Microsoft researchers announced a new text-to-speech AI model called VALL-E, which can accurately imitate a human voice given a 3-second audio sample. After recognizing a particular voice, VALL-E can synthesize that person’s voice, and do so in a way that preserves the emotional tone of the speaker, reports ArsTechnica.

The creators of VALL-E suggest that it can be used for high-quality text-to-speech applications and audio content creation in combination with other generative AI models such as GPT-3.

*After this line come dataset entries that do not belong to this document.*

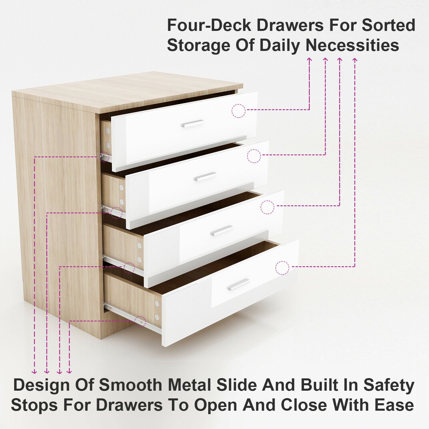 Home High Gloss Chest Of 4 Drawers Bedroom Furniture White&Oak Storage Cabinet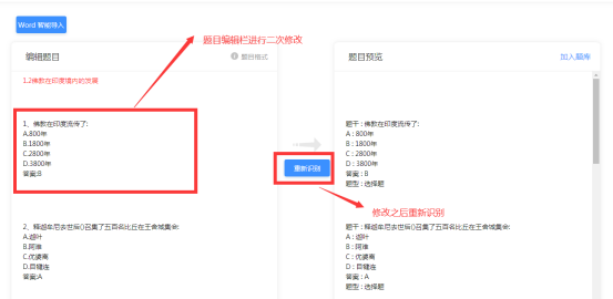 3)上传成功后,在页面左侧编辑题目的区域可以进行编辑修改,如格式问题、空白行删除等,编辑完成后点击“重新识别”,系统会根据所编辑的内容进行识别调整。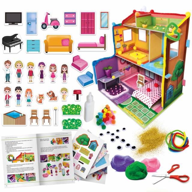 Costruisci la tua casa delle bambole e libera la creatività e la fantasia con il ricco kit in dotazione. Puoi animare i personaggi e inventare tante storie!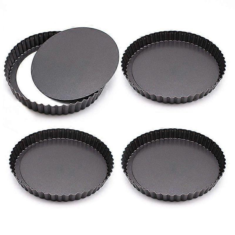 Luxora 4 Pack Tart Pan, Mini Non-Stick 4 inch Tart Tins Black Round Tart Quiche Pan Removable Bottom for Pie, Pizza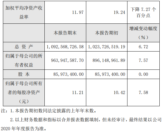 2020年度主要財(cái)務(wù)數(shù)據(jù)和指標(biāo)
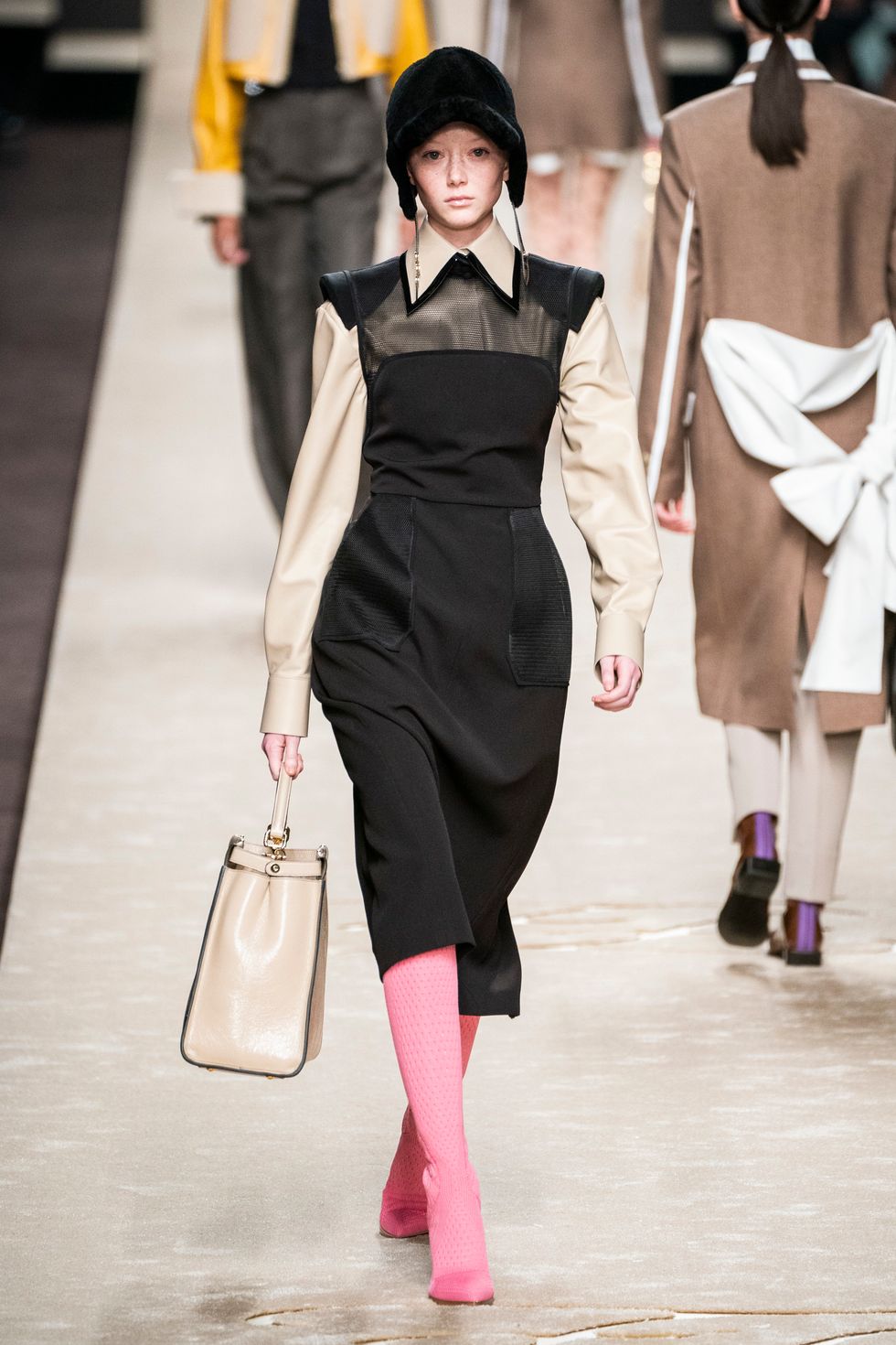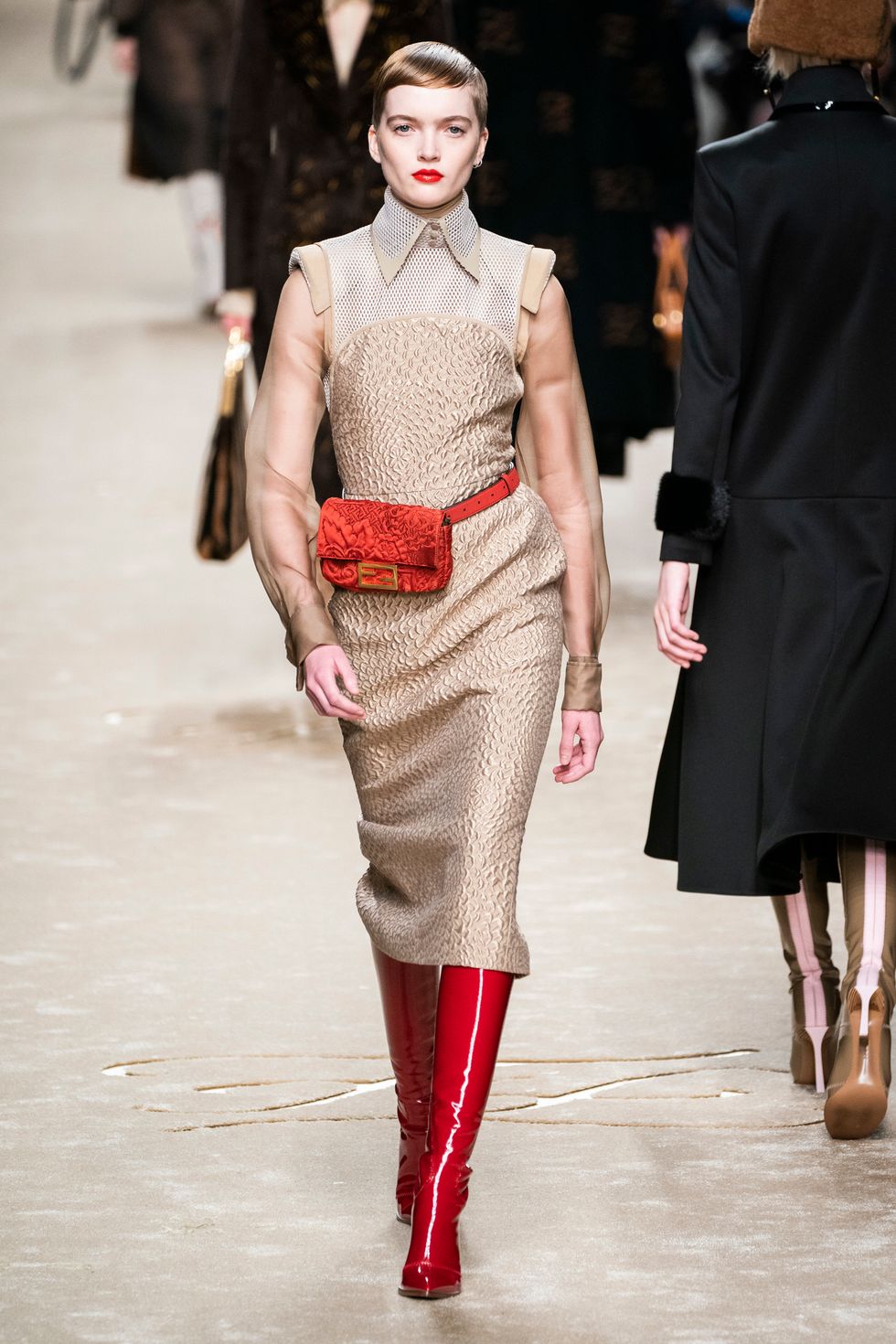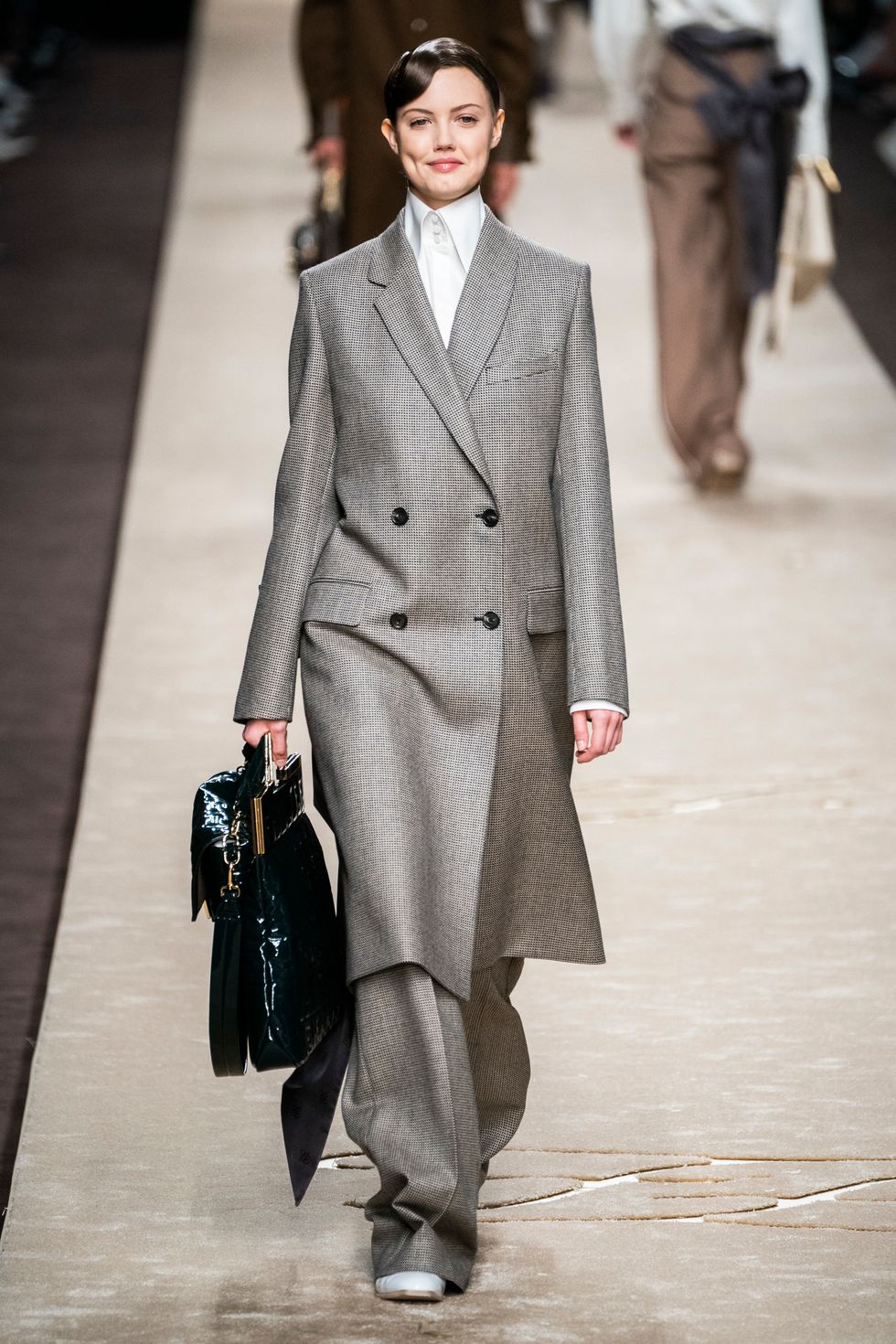 Many of the signature bags in Fendi's accessories collection got updates. The baguette, for example, came embossed with multiple straps. Totes were large but folded into clutches. Bags appeared to be doubled up on the runway so that some models looked like they were carrying mini bags alongside normal top handle sizes.

Microsoft calls VALL-E the “Neural Codec Language Model,” and it’s built on the EnCodec technology that Meta introduced in October 2022. Unlike other text-to-speech methods, which typically synthesize text-to-speech by manipulating signals, VALL-E generates separate audio codecs codes from text and audio cues. Essentially, it analyzes how a person sounds, breaks that information down into individual components (called “tokens”) thanks to EnCodec, and uses training data to match what the AI “knows” about how that voice would sound if it spoke other phrases.

On the VALL-E website, Microsoft provides dozens of audio examples of the AI model in action. Among the “Speaker Prompt” samples is three seconds of audio provided by VALL-E, which it is supposed to emulate. A “Ground Truth” is a pre-existing recording of the same speaker saying a certain phrase for comparison (like the “control” in the experiment). “Baseline” is an example of the synthesis provided by conventional text-to-speech synthesis, and the example “VALL-E” is the result of the VALL-E model.

Microsoft's VALL-E can simulate any voice with 3 seconds of audio

In addition to preserving the speaker’s vocal timbre and emotional tone, VALL-E can also simulate the “acoustic environment” of an audio sample. For example, if the sample came from a phone call, it will mimic the acoustic and frequency characteristics of the phone call. And Microsoft’s samples (under “Synthesis of diversity”) demonstrate that VALL-E can generate vocal tone variations by changing the random seed used in the generation process.

The researchers seem to be aware of the potential social harm this technology could cause, stating the following:

“Since VALL-E could synthesize speech that maintains speaker identity, it may carry potential risks in misuse of the model, such as spoofing voice identification or impersonating a specific speaker. To mitigate such risks, it is possible to build a detection model to discriminate whether an audio clip was synthesized by VALL-E. We will also put Microsoft AI Principles into practice when further developing the models.”